The International Workshop on Document Analysis System is a major event for researchers in automatic document processing. It takes place every two years and is organised in 2022 by the University of La Rochelle in France. TEKLIA is pleased to be an official sponsor of the conference.
In addition to its support, TEKLIA will present at the conference from 22 to 25 May 2022 , two scientific papers on its work in the field of automatic handwriting recognition and automatic natural language processing:
First, a paper presenting a comprehensive comparison of HTR libraries on a new annotated corpus of historical documents in Norwegian: this is a joint work with the National Library of Norway and Lumex AS. This work has received financing from the Norwegian Research Council of Norway.
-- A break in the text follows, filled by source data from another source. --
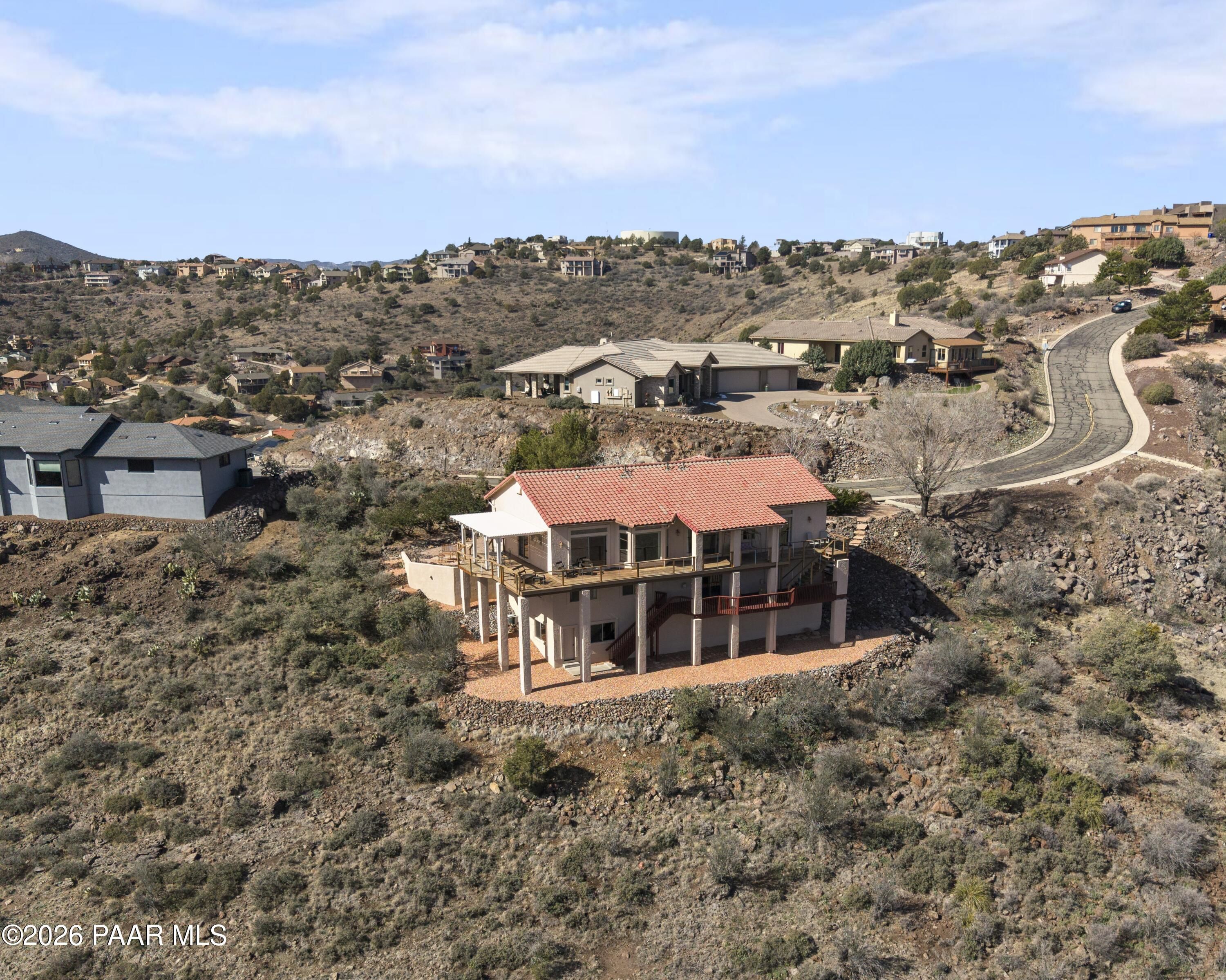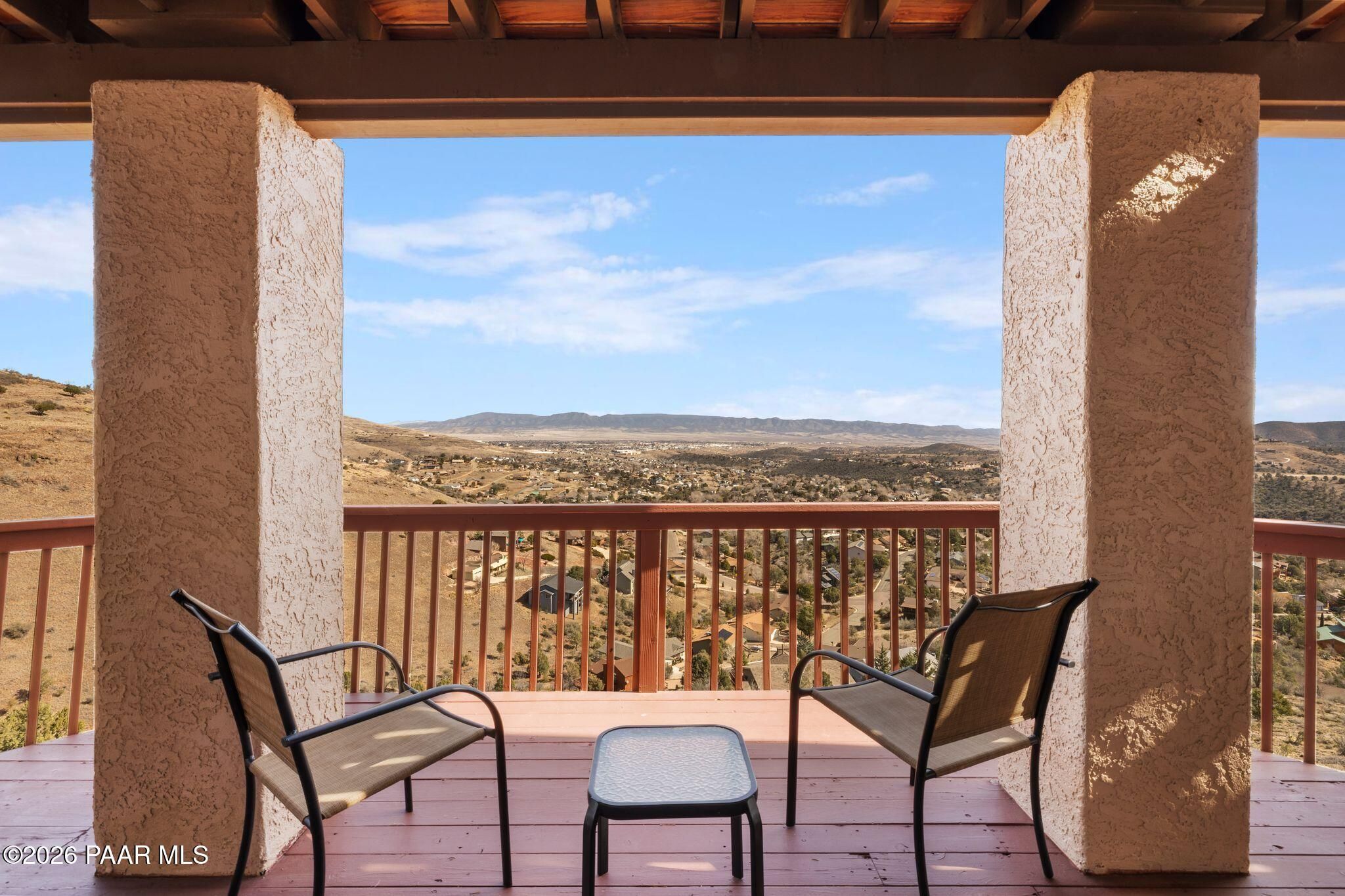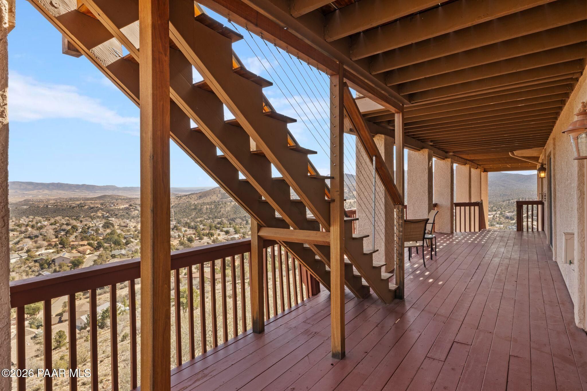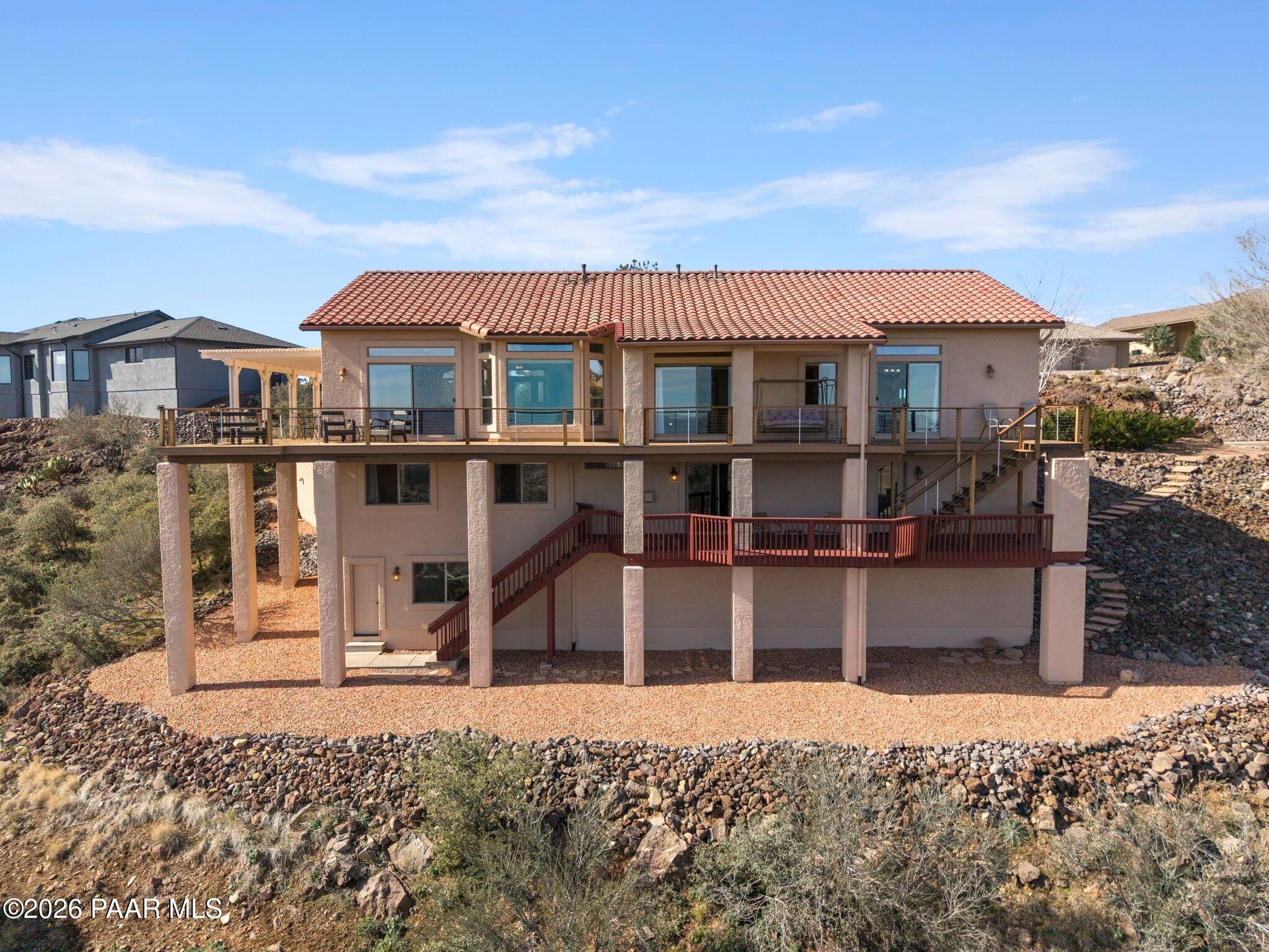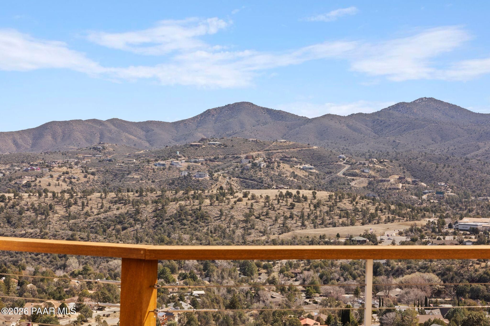 VIEWS, VIEWS, VIEWS! Perched on a private hillside in highly desirable Yavapai Hills, this exceptional Prescott home captures breathtaking panoramic views you'll never tire of. From glowing sunrises to dramatic monsoon storm watching, the ever-changing skies become your daily masterpiece. Enjoy abundant wildlife, deer wandering through the common area and hawks and song birds soaring at eye level. A rare flat driveway provides easy access to the garage, a true bonus for hillside living. The oversized lot offers privacy with a common area on two sides, plus a nearby trailhead for morning walks and sunset hikes. Outdoor living shines with an expansive 1,000 sq. ft. wraparound IPE deck (75+yrs), designed with multiple seating areas to take in the views from every angle. A lower private deck is already reinforced for a future spa, perfect for relaxing under the stars. Inside, the light-filled open floor plan offers a comfortable single-level living option. Updated flooring, a skylight, and a bright, functional kitchen with Corian countertops create a warm, airy feel. The lower level features add'l bedrooms, a spacious family room with fireplace, bonus flex space, and abundant storage -- ideal for guests, hobbies, or multigenerational living. Located in a Firewise community with many recent updates throughout, this home blends peace, privacy, and convenience -- just minutes from shopping, dining, and downtown Prescott. If you're looking for views, lifestyle, and that perfect Prescott setting, this is it.
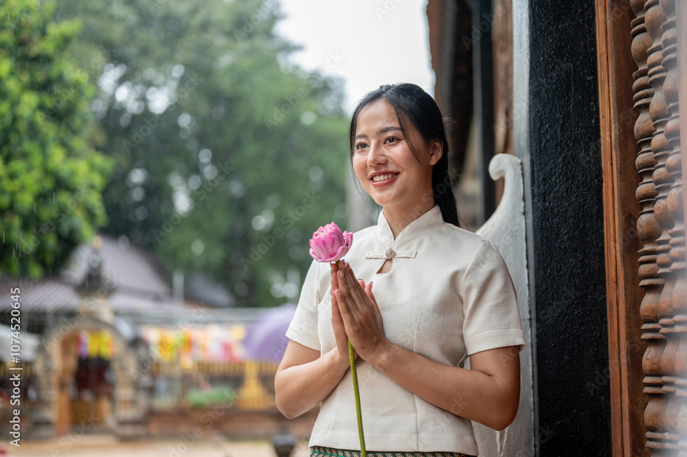 An Asian woman in a traditional dress stands in a temple, holding a lotus in a prayer posture.
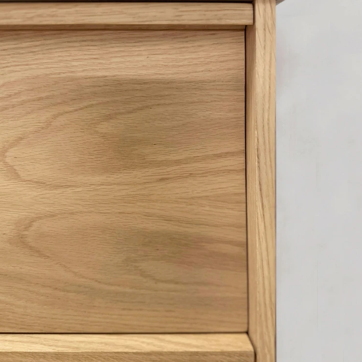 Denna möbelserie är tillverkad av ekfaner och täckt med fukttålig lack. Skåpen har integrerade ergonomiska, slitstarka handtag i massiv ek. Små skador som kan uppstå vid användning är lätt att renovera. Du kan välja mellan naturlig eller brun ekfaner.

A Comprehensive Comparison of Open-Source Libraries for Handwritten Text Recognition in Norwegian by Martin Maarand, Yngvil Beyer, Andre Kåsen, Knut T. Fosseide and Christopher Kermorvant.
In this paper, we introduce a database of historical handwritten documents in Norwegian, the first of its kind, allowing the development of handwritten text recognition models (HTR) in Norwegian. In order to evaluate the performance of state-of-the-art HTR models on this new base, we conducted a systematic survey of open-source HTR libraries published between 2019 and 2021, identified ten libraries and selected four of them to train HTR models. We trained twelve models in different configurations and compared their performance on both random and scripter-based data splitting. The best recognition results were obtained by the PyLaia and Kaldi libraries which have different and complementary characteristics, suggesting that they should be combined to further improve the results.
Our second paper is a comparison of NER libraries for historical document:
A Comprehensive Study of Libraries for Named Entity Recognition, by Claire Bizon Monroc, Blanche Miret, Marie-Laurence Bonhomme and Christopher Kermorvant.
In this paper, we propose an evaluation of several state-of-the-art open-source natural language processing (NLP) libraries for named entity recognition (NER) on handwritten historical documents: spaCy, Stanza and Flair. The comparison is carried out on three low-resource multilingual datasets of handwritten historical documents: HOME (a multilingual corpus of medieval charters), Balsac (a corpus of parish records from Quebec), and Esposalles (a corpus of marriage records in Catalan). We study the impact of the document recognition processes (text line detection and handwriting recognition) on the performance of the NER. We show that current off-the-shelf NER libraries yield state-of-the-art results, even on low-resource languages or multilingual documents using multilingual models. We show, in an end-to-end evaluation, that text line detection errors have a greater impact than handwriting recognition errors. Finally, we also report state-of-the-art results on the public Esposalles dataset.